By Eamonn Ryan
This article is derived from a presentation delivered by Michael Young, Application Engineer – Thermal Management at Vertiv and a regular contributor to RACA Journal, at FRIGAIR 2025. This is Part 1 of a two-part series.

Michael Young, Application Engineer – Thermal Management at Vertiv, at FRIGAIR 2025. ©RACA Journal
Young’s insights, shared on the topic of ‘Design of data centres for optimal energy efficiency’, explore the impact of artificial intelligence on data centre operations and the evolving strategies for effective thermal management.
The pervasive integration of Artificial Intelligence (AI) into our daily lives, from Gmail’s smart filters to YouTube’s recommendations and the transformative capabilities of ChatGPT, is driving an unprecedented surge in data centre energy consumption.
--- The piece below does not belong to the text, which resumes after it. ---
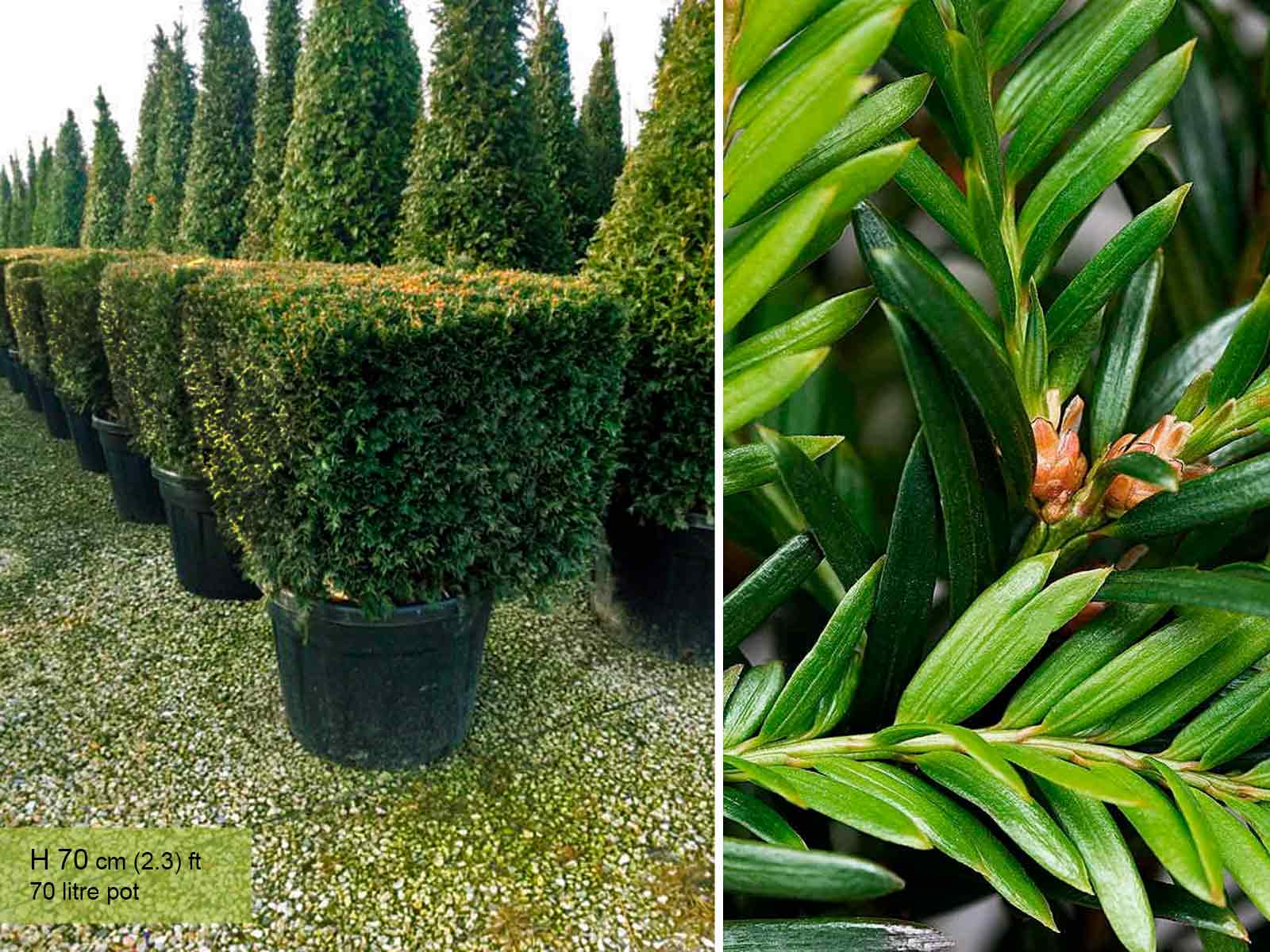 Withstands being covered by old trees. Used a lot for hedges because it tolerates severe, repeated pruning and it is also for this reason that this plant is used for creating geometric shapes and Giant Garden Bonsai. No regular pruning is required but trimming and shaping throughout the spring and summer months is advisable. The hardy rating is (H7) making this plant perfect all year throughout the UK. Fruit can grow in the Autumn time but it is advisable not to eat anything due to high levels of toxicity associated with this plant.

This exponential growth presents a significant challenge for thermal management, demanding innovative cooling solutions and a re-evaluation of traditional data centre design.
AI-driven applications require immense computing power, directly translating into higher energy consumption. Projections indicate a staggering 5.3-fold increase in data centre energy consumption by 2032, with a threefold increase expected by 2030 alone. To put this into perspective, data centres are now being designed with capacities exceeding 40 MW, rivalling the power demands of entire industrial sectors.
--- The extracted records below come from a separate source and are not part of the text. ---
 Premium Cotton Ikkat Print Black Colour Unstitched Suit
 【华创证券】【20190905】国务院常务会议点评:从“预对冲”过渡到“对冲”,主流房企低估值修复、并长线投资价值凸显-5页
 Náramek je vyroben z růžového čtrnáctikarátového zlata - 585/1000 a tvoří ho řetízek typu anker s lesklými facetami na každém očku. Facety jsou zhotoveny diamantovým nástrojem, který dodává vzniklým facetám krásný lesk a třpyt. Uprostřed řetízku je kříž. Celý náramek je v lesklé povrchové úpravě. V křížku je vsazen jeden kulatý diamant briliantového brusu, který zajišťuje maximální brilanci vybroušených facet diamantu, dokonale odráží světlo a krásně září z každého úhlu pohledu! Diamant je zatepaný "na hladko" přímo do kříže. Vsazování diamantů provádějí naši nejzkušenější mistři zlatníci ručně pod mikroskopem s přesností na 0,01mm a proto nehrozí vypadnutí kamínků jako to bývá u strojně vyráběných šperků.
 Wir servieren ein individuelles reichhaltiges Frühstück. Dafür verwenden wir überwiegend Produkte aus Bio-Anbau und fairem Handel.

This escalation is evident at the individual server level. Historically, a data centre rack consumed as little as 3 kW. With the advent of AI, high-density computing is pushing this figure dramatically, with racks now demanding 50 to 150 kW. This substantial increase in power density creates an equally formidable challenge in dissipating the generated heat, as electrical energy consumed by IT equipment is almost entirely converted into heat within the data centre environment.
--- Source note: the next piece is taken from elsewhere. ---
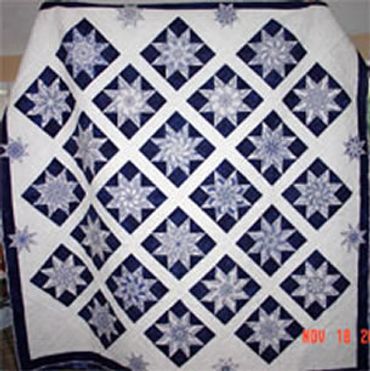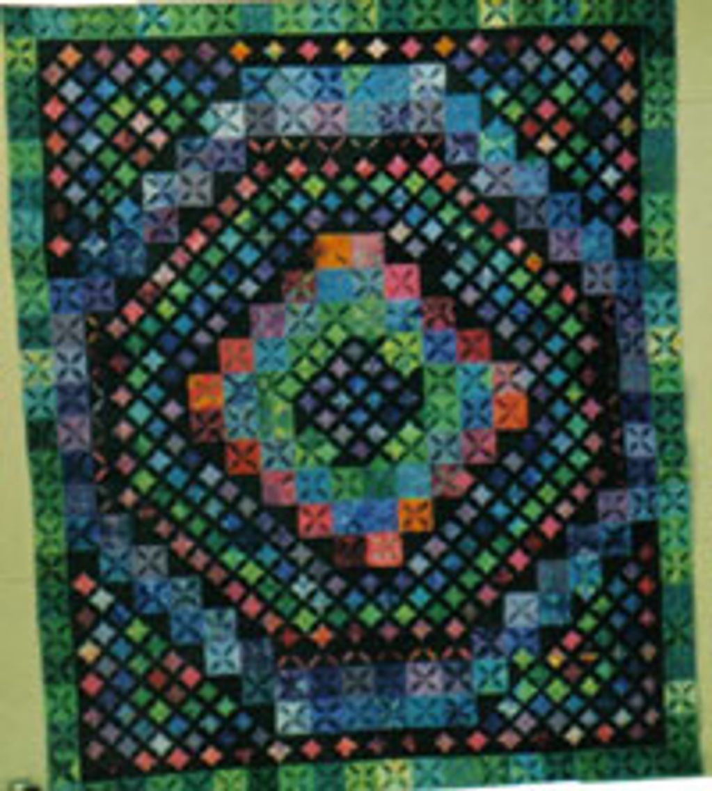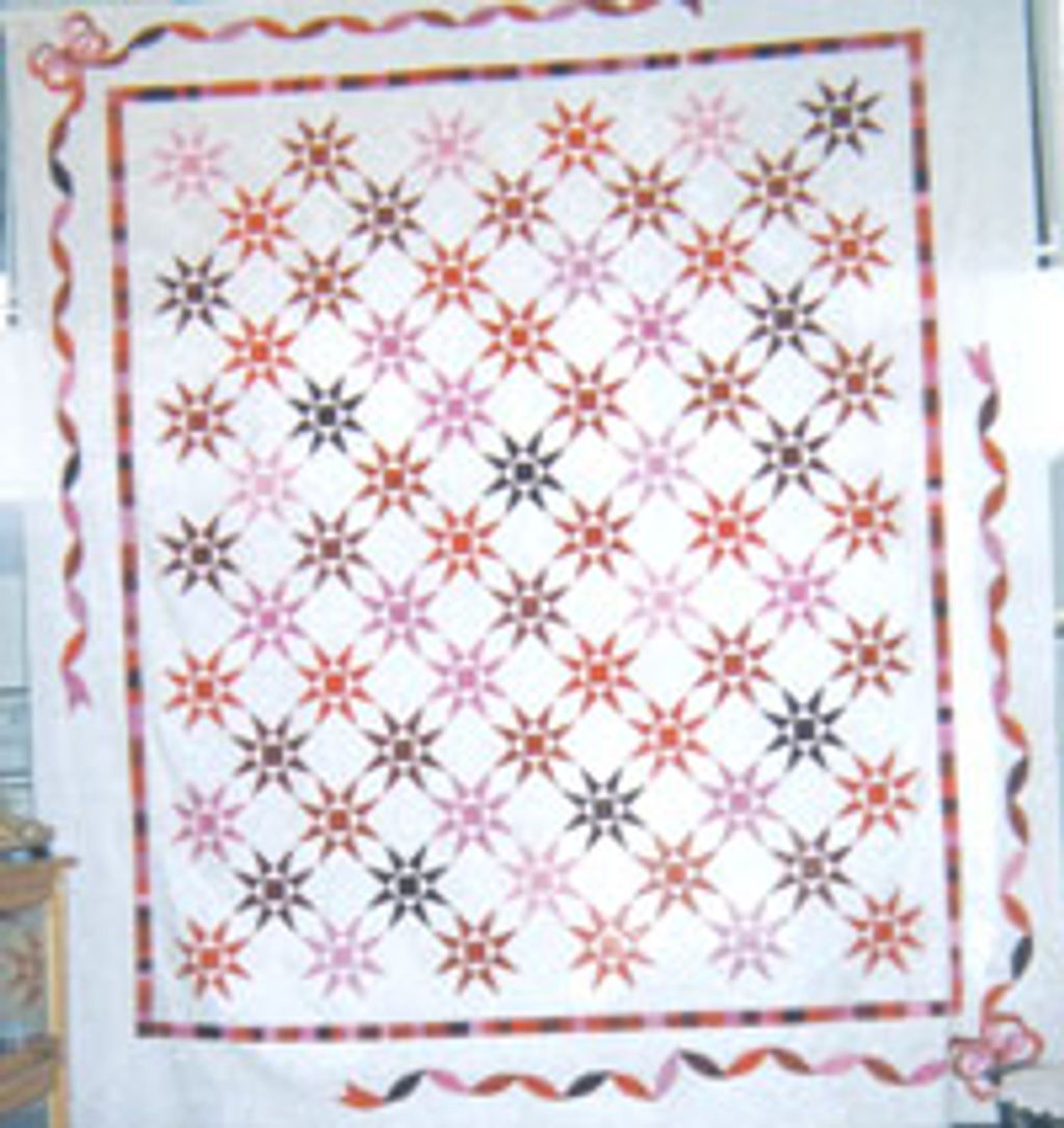 Cathedral Windows quilt. Done the old way and very heavy. Members contributed the individual pieces that make up the window, then sewed together.

The shift to liquid cooling: managing high-density heat
The sheer heat generated by AI-intensive racks makes traditional air cooling insufficient. Air simply lacks the thermal capacity and practical space to effectively cool such high-density environments. This necessitates a shift towards liquid cooling solutions.
Liquid cooling works by directly transferring heat from high-processing chips, such as GPUs (Graphics Processing Units) – the backbone of AI computations – to circulating cold fluid. This fluid flows across a cold plate attached to the chip’s back, efficiently absorbing the heat and carrying it away from the server.